By Lauren Leisk, Yahoo7 Moneyhound Updated January 25, 2013, 8:00 am

Public transport costs increase whilst the cost of cars decrease, so which way is cheaper these days?

According to recent figures, high public transport costs are forcing commuters back into their cars.

In Brisbane,300 000 fewer public transport trips were taken in the year to June 30, down from 178.6 million the previous year when floods were blamed for falling numbers. Fares in the sunshine city have spiked, with the price of a single two-zone trip up more than 50% than that of the same journey three years ago.

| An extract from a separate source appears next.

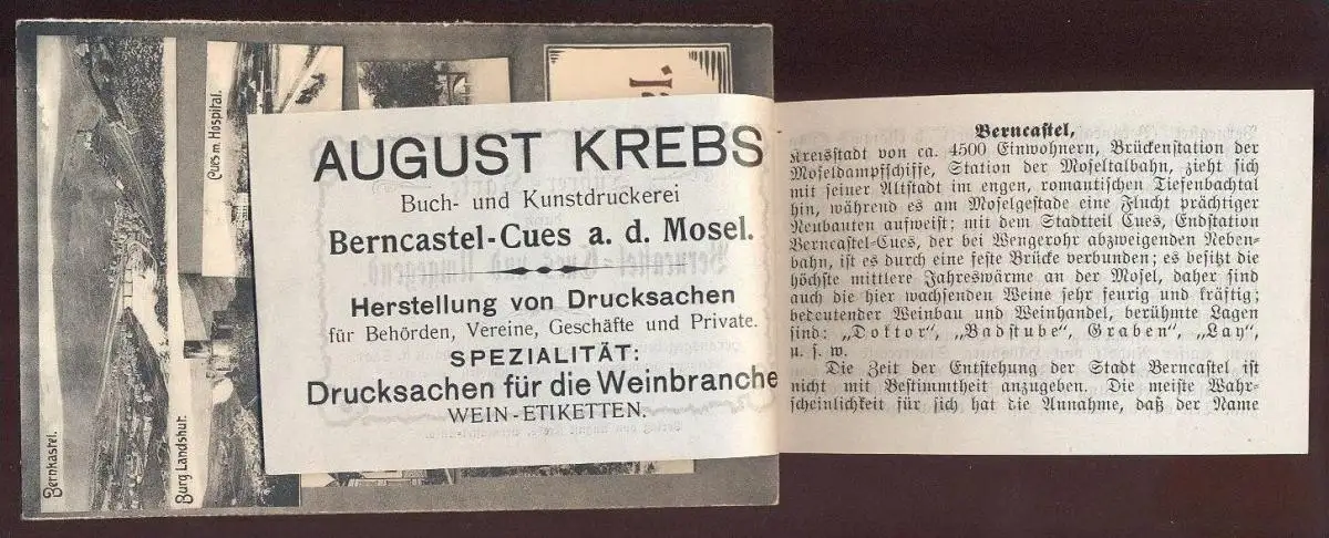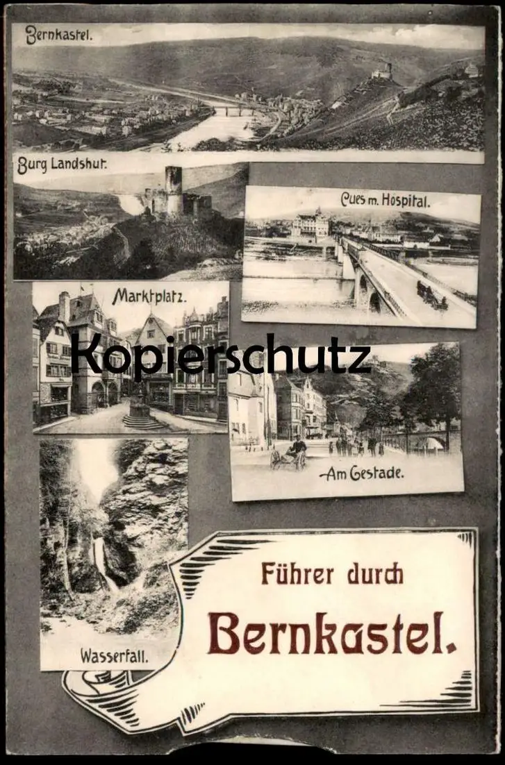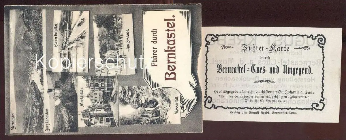 ALTE SYSTEMPOSTKARTE BERNKASTEL INNENLIEGENDER 12-SEITIGER FÜHRER BERNKASTEL BURG LANDSHUT CUES MIT HOSPITAL MARKTPLAZ AM GESTADE WASSERFALL (erwähnt werden berühmte Weinlagen, Geschichte, im Rahmen von Wanderungen als Orientierungspunkte Brauerei Wagner, Schützenhaus des Schützenvereins usw.)

In Sydney, the city commute by rail from Parramatta will cost you $4.80 a day or $1560 a year with bulk discounts. A bus from Bondi to the city is $4.50 or $936 a year. Over a five-year period, the Parramatta resident will have forked out $7800 for their 25km journey and the Bondi local $4600.

Related:How much to park in the city?

The car commute

The NRMA recently revealed its car operating costs for 2012. The study found the weekly running costs to the Sydney CBD by car can cost $280 a week.

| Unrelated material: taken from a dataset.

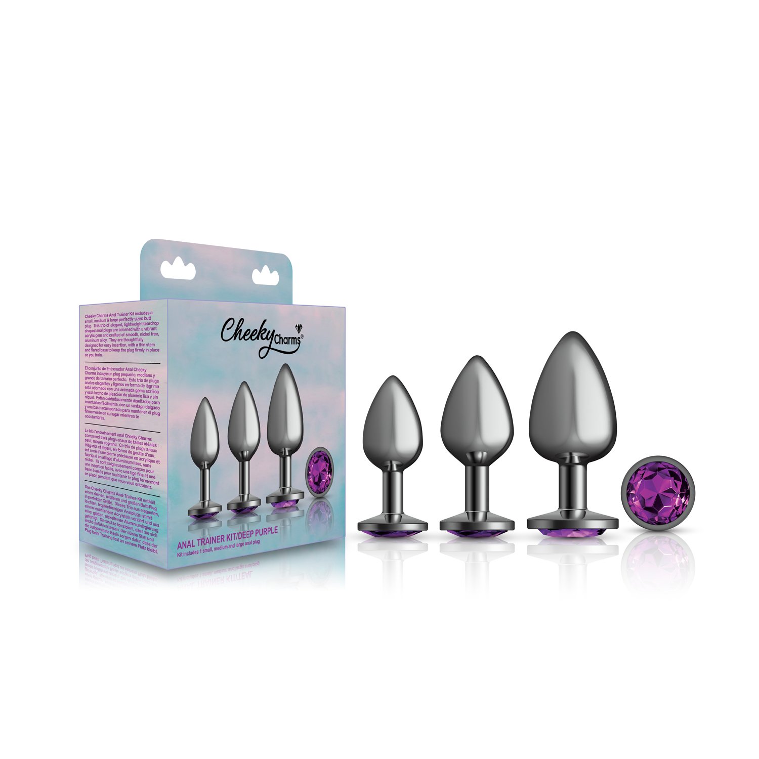 Anal Trainer Kit features one of each, a small, medium and large gunmetal, teardrop shaped anal plug adorned with a vibrant acrylic gemstone available in three colors, a sparkling deep purple, tempting teal and brand new deep red. The plugs are hypoallergenic, and made of a nonporous, body safe, nickel free, aluminum alloy. Both the plug and the acrylic anal jewelry, compatible with all lubricants. They are easy to clean and dishwasher safe butt plugs.

From the northwest suburb of Windsor, drivers need to find more than $100 for tolls in their weekly budget to travel to the CBD for work. The study also found costs of commuting from Penrith were similar despite avoiding tolls.

Over a period of five years, the Windsor driver is $68,000 worse off than the Bondi bus commuter, and $65,000 worse off than someone catching a train from Parramatta.

Even one of the cheapest cars in the study, the Suzuki Alto, cost $174 a week when calculated on the 57km Penrith-to-Sydney trip.

Related:Are hybrid cars worth the cost?

On the cheap

The NRMA figures quote new car prices and take into account depreciation. So what about doing it on the cheap, provided you can find a decent commuter for around $1500 and pay no tolls, parking or insurance?

Most sources still bring the calculations to more than $4100 a year for the Parramatta commuter and almost $2500 for the Bondi resident. Over five years, the cost hits $25,000 and $12,500 respectively. It’s still more than double the cost of the public transport commute for both routes.

Related:How to beat rising petrol prices

What about the hybrid car?

The most popular hybrid is the Toyota Prius, with two million sold worldwide. It uses up to 50 per cent less fuel and cuts pollutants by as much as 90 per cent.

Depreciation is the factor to consider for this $40,000 green machine. If you go on to get top dollar for your five-year-old Prius you will still be out of pocket more than $20,000. After calculating on-road costs for the period, you would easily top the public transport commute price.

With so many factors to consider, the convenience of the car will always breed public transport sceptics. However, they could opt for a five-year-old hybrid car and try their luck. Without parking, insurance or tolls, and less exposure to depreciation, they may just edge out in front.